Sablier n° 10.3

 

Ce qui nous arrive  n°3
 

Hélène Merlin-Kajman

05/12/2020

 

J’ai ouvert ma fenêtre pour chasser une mouche qui persécutait mes oreilles, et voilà qu’une pluie de petites choses rondes est tombée sur la tablette d’appui de l’embrasure avec un bruit métallique. C’étaient des coccinelles endormies, une multitude de coccinelles qui avaient trouvé refuge là, entre les battants, partout.

Elles n’ont pas remué.

Je les ai laissées. Le lendemain, elles avaient disparu. Je suppose que, par un chemin inconnu, elles avaient regagné leur abri. Je me demande ce que ça nous programme pour le printemps. Je connais bien les invasions de mouches à l’intérieur de la maison. Mais pas encore celles de coccinelles.
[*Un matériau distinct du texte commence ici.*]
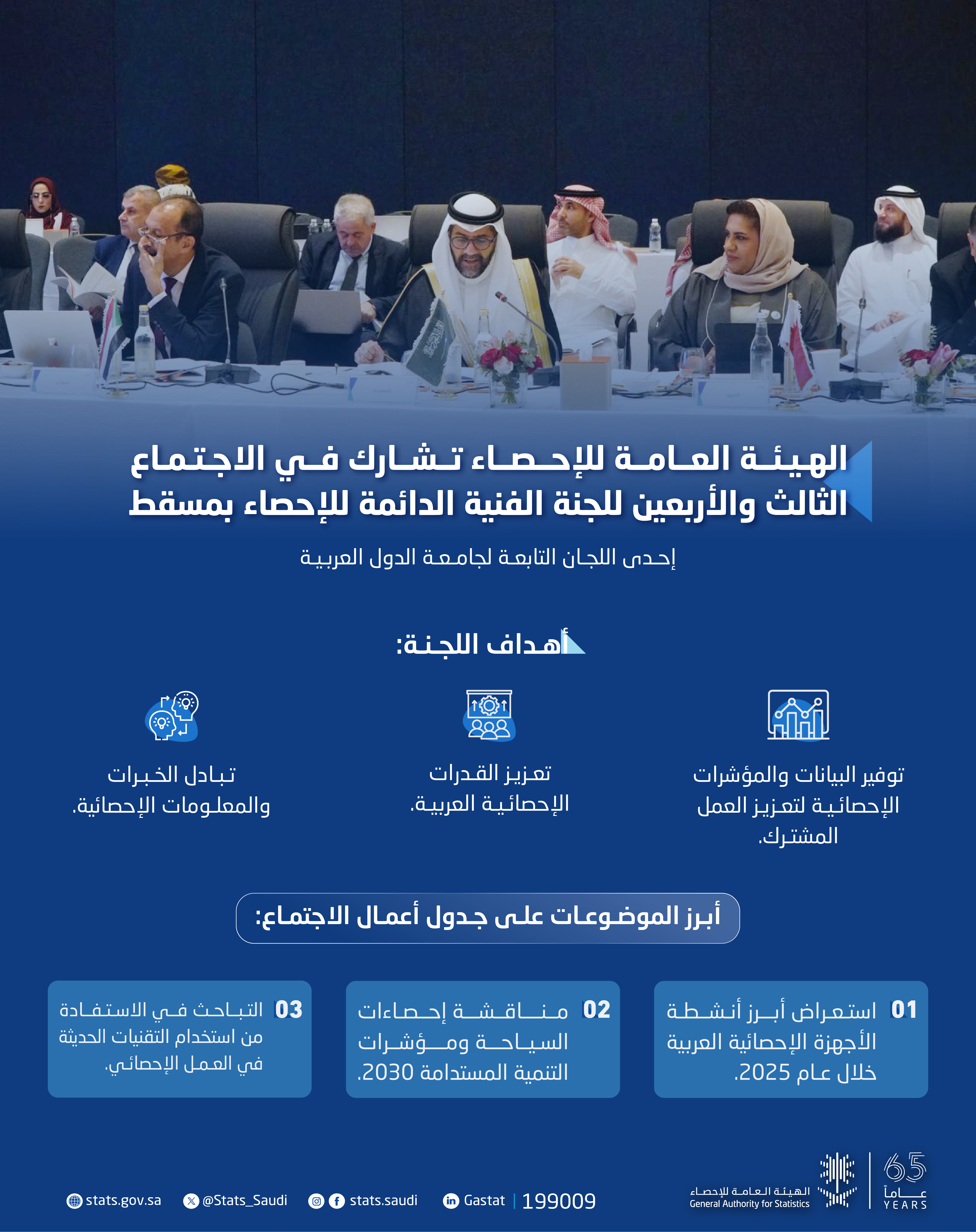 الهيئة العامة للإحصاء تشارك في الاجتماع الثالث والأربعين للجنة الفنية الدائمة للإحصاء بمسقط

Les coccinelles de mon enfance, les coccinelles des dessins de coccinelles, rouges à points noirs, ont presque disparu comme chacun sait. Celles qui sont tombées en pluie de ma fenêtre sont noires à points rouges, ou ocres à points noirs, etc, sans parler du nombre de points, infiniment variable contrairement aux premières. Elles ont été importées d’Asie pour lutter contre les pucerons d’Europe et d’Amérique parce qu’elles étaient bien plus efficaces que la bête à bon dieu et bien plus écologiques que tout insecticide. Mais le processus a dérapé, m’apprend un article trouvé sur internet (non sans conclure toutefois que les coccinelles de mon enfance, dont me terrifiait l’envol soudain, l’envol sans crier gare défigurant leur placide et lumineuse rondeur, vont réagir et revenir après adaptation)...
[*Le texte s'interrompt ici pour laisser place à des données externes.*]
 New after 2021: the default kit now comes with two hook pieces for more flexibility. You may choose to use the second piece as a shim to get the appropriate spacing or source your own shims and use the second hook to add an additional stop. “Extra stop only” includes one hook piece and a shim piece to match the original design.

Je suis dans ma maison de campagne à cause du confinement, à cause de la seconde vague, à cause des hôpitaux surchargés, et je n’avais jamais eu l’occasion de voir les coccinelles se presser dans les fenêtres, les coccinelles qui rentrent au mois d’octobre dans les maisons chauffées. La nôtre inhabitée en octobre ne pouvait pas les attirer (il semble qu’elles se donnent le mot quand de premiers individus trouvent un bon endroit où se planquer l’hiver). A la campagne, le coronavirus s’oublie un peu. Un peu seulement. Une pandémie. Partout dans le monde on parle du covid, on en parle, on en meurt, on vit ce qu’il implique, ce qu’il induit, là où l’on est, autour de soi. Et partout, pour tout le monde, quelque chose s’est modifié.
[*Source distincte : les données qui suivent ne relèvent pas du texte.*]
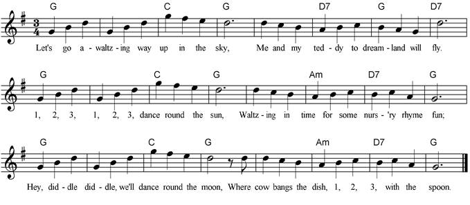 Bedtime waltz 🔊 Sleep is a place where all sorts of mad things can happen as we all know. Dreams here are set in a land where nursery rhyme characters cheerfully accompany a dance round the universe. Words and music by Dany Rosevear. |

Ce jour-là pour moi, c’était une chute de coccinelles, de coccinelles nouvelles comme le frelon asiatique ou comme la pyrale du buis, peu importe leur continent, une nouveauté partout qui saborde les échelles et frappe d’hébétude, ici minuscule et là énorme, ici capable d’être secouée par l’amusement curieux et là submergée d’angoisse et d’épouvante.